Because you're handing control flow to a model that can take real actions, guardrails aren't optional.

  • Least privilege — give the agent only the tools it needs. An agent that can read should not also be able to delete unless that's the job.
  • Human-in-the-loop for irreversible actions — sending money, deleting data, emailing customers. Require confirmation.
  • Sandboxing — run code execution and shell access in an isolated environment, never against production directly.
  • Input/output filtering — watch for prompt injection in retrieved content. A document the agent reads can contain instructions; treat external text as data, not commands.
  • Hard limits — max steps, token budget, and wall-clock timeout on every run.

Common failure modes

These are the ones I've personally debugged more than once:

  • Infinite or repetitive loops — the agent keeps calling the same tool, or oscillates between two states, never converging. The fix: a max-step cap, plus detecting repeated identical tool calls and short-circuiting.
  • Hallucinated tool calls — the model invokes a tool that doesn't exist or invents arguments. Validate against your schema and return a clear error the model can recover from.
  • Context drift — on long runs the agent forgets the original goal. Compaction that preserves the goal and re-injecting the objective each turn both help.
  • Premature completion — declaring success before the task is done. Tighten your prompt's definition of "done" and verify final state programmatically when you can.
  • Over-eager tool use — calling tools when it should just answer. Often a description problem: be explicit about when not to use a tool.

A minimal agent loop

Here's a stripped-down sketch in TypeScript-flavored pseudocode that ties it together. Real implementations add streaming, error handling, and tracing, but the shape is exactly this.

ts
async function runAgent(goal: string, tools: Tool[], maxSteps = 12) {
  const messages: Message[] = [
    { role: "system", content: SYSTEM_PROMPT },
    { role: "user", content: goal },
  ];

  for (let step = 0; step < maxSteps; step++) {
    // DECIDE: ask the model what to do next
    const response = await llm.chat({ messages, tools });

    // No tool calls means the model is done — return its answer
    if (!response.toolCalls?.length) {
      return response.content;
    }

    messages.push({ role: "assistant", content: response.content });

    // ACT: execute each requested tool call
    for (const call of response.toolCalls) {
      let result: string;
      try {
        const fn = lookupTool(tools, call.name);
        if (!fn) throw new Error(`Unknown tool: ${call.name}`);
        const args = validate(fn.schema, call.args); // guardrail
        result = await fn.execute(args);
      } catch (err) {
        // Return errors to the model so it can recover
        result = `Error: ${(err as Error).message}`;
      }

      // OBSERVE: feed the result back into context
      messages.push({
        role: "tool",
        toolCallId: call.id,
        content: truncate(result, 4000),
      });
    }
  }

  throw new Error("Agent exceeded max steps without finishing");
}

Notice the things that make it robust: a hard step cap, tool validation, errors returned to the model rather than thrown away, and truncated tool output.
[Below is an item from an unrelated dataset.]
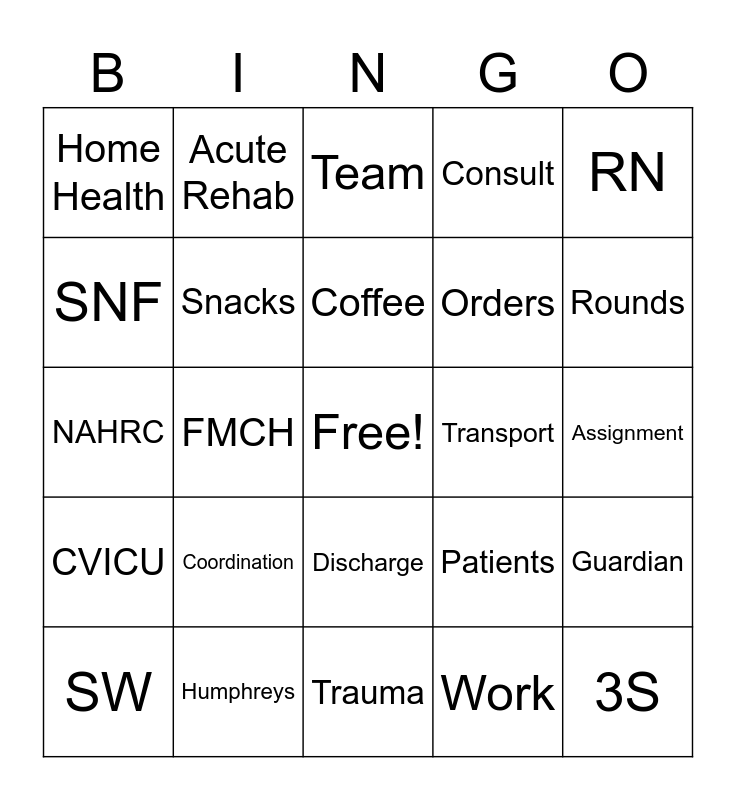 This bingo card has a free space and 25 words: Coordination, Trauma, Coffee, SW, RN, Home Health, SNF, Acute Rehab, Transport, Discharge, Orders, NAHRC, Patients, Guardian, Snacks, Infusions, Assignment, Team, Rounds, FMCH, 3S, Humphreys, CVICU, Consult and Work.

Those four lines of defense prevent the majority of runaway behavior.

Final thoughts

Agents are not magic, and they're not a default. They're a specific architecture — an LLM, tools, and a loop — that trades predictability for flexibility. The engineering discipline that makes them reliable is unglamorous: narrow tools, compact context, hard limits, real evaluation, and traces you can actually read.

My advice: start with the simplest thing that could work. Build a workflow if a workflow will do. When you do reach for an agent, instrument it heavily from day one, cap everything, and earn each bit of additional autonomy with a passing eval. Do that, and agentic development stops feeling like a gamble and starts feeling like ordinary, if sophisticated, software engineering.